Collection of prediction models for biological tasks.
bio_ml_models provides an easy-to-use interface to use current, well-tested prediction models for a range of biological tasks. bio_ml_models is designed to be easy to use and understand, well-documented and tested. Sharing your bio-research model was never that easy before!
Proteins
- adeno_associated_virus_fitness: Predict a fitness score for each AAV capsid protein mutation. (1 model(s) available)
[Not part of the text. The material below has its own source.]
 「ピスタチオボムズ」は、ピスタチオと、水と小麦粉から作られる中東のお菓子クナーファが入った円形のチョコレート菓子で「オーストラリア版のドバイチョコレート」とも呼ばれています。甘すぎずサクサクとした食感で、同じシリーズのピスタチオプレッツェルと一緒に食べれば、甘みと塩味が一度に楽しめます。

- conservation: Predict a conservation score for each residue in a protein sequence. (1 model(s) available)
- gb1_binding: Predict a binding score for each variant of the GB1 protein. (1 model(s) available)
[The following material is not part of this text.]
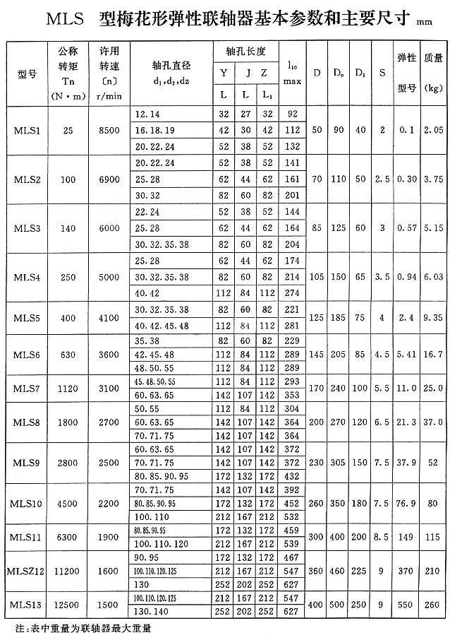 LMS(原MLS)型- 雙法蘭型梅花形彈性聯(lián)軸器基本性能參數(shù)和主要尺寸

- meltome: Predict the meltome temperature value of a protein. (1 model(s) available)
- multi_ligand_binding_site: Predict binding sites of ligands for protein residues. (1 model(s) available)
- secondary_structure: Predict the secondary structure for each residue in a protein sequence. (1 model(s) available)
- single_amino_acid_variant_effect: Predict if a single amino acid variant of a protein sequence has an effect. (1 model(s) available)
- sub_cellular_location: Predict the subcellular location for a protein. (1 model(s) available)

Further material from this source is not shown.